The statement reminds us of how quaint earlier concerns about contract cheating now feel. Unlike traditional cheating services that produced reused answers, generative AI creates unique responses each time, making detection significantly more difficult, if not impossible through conventional methods. The technology’s widespread accessibility and free availability have also significantly lowered the barriers to unauthorised use.

It comes on the same day that the OIA publishes new guidance and a set of case summaries on AI-related academic misconduct cases – where it turns out that when universities properly implement students’ procedural rights (like actually sharing evidence in advance, allowing meaningful responses, or providing detailed reasoning) it becomes even harder to prove and punish AI misconduct.

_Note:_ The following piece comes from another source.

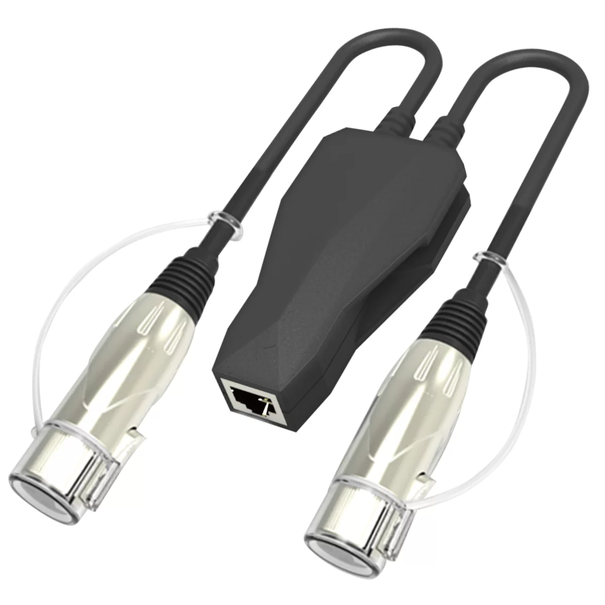 Данный адаптер имеет один вход DANTE RJ45 и два аналоговых входа XLR. Используя балансные входы XLR, можно легко подключать аналоговые устройства к сети DANTE, обеспечивая работу и масштабируемость, которые возможны только в такой сети. Микшерный пульт, микрофон и другие источники аналогового сигнала могут быть подключены к сети DANTE через разъём XLR.

The casework exposes the weaknesses in AI detection – software bias against certain writing styles, false positives for non-native speakers, and the inability to distinguish between legitimate writing tools and generative AI. When students can properly challenge the evidence and universities have to justify their conclusions, plenty of cases fall apart. Who knew?

We all did, of course. It has been very clear for a couple of years now that depending on the asynchronous assessment of a(ny) digital asset – produced without supervision – as a way of assessing a students’ learning no longer works. There’s no way to prove they made it, and even if they did, it’s increasingly clear that it doesn’t necessarily signal that they’ve learned anything when they did. Some have wasted a couple of years (and some a lot of money) attempting a daft cat and mouse game in pursuit of proof, only to find themselves at the vanishing point that was obvious all along.

What’s been less clear is what should be done instead.

The societies’ carefully worded statement strongly suggests they’re scooping up and responding to reports from academics who are being prevented from using traditional exams. The emphasis that invigilated examinations “should be retained as options” and their call for universities to support departments in “maintaining access to the full range of assessment methodologies” implies these options are being removed or restricted by institutional policies.

The language suggests departments are losing autonomy over assessment design, likely driven by institutional policies favouring online or take-home assessments even as AI makes these increasingly problematic. What the statement doesn’t do is reflect on why that’s been happening.

It’s partly been aimed at narrowing awarding gaps – research tends to show some groups perform worse in high-pressure, timed exam settings. Open-book and take-home formats can offer a more supportive environment, reducing stress and allowing students to better demonstrate understanding and critical thinking. The move also reflects efforts to address mental health concerns and manage institutional resource pressures through scalable and continuous assessment methods.

There was, in other words, a set of good reasons for moving away from exams. And while academic integrity issues might pose problems for the alternatives, it doesn’t seem especially helpful for the societies to ignore those reasons while calling for a return to the exam hall.

Notwithstanding the importance of actually deciding, subject by subject, what it is that we think it’s important for humans to be able to do on their own in the future, it is pretty clear that assessment integrity from here is likely to involve some element of watching people doing things. That brings with it all sorts of problems that need anticipating from the outset – both in terms of the high-stakes drama involved in “performance” and the potential discrimination and prejudices involved on the part of the part of the people doing the watching and/or listening – but does feel inevitable.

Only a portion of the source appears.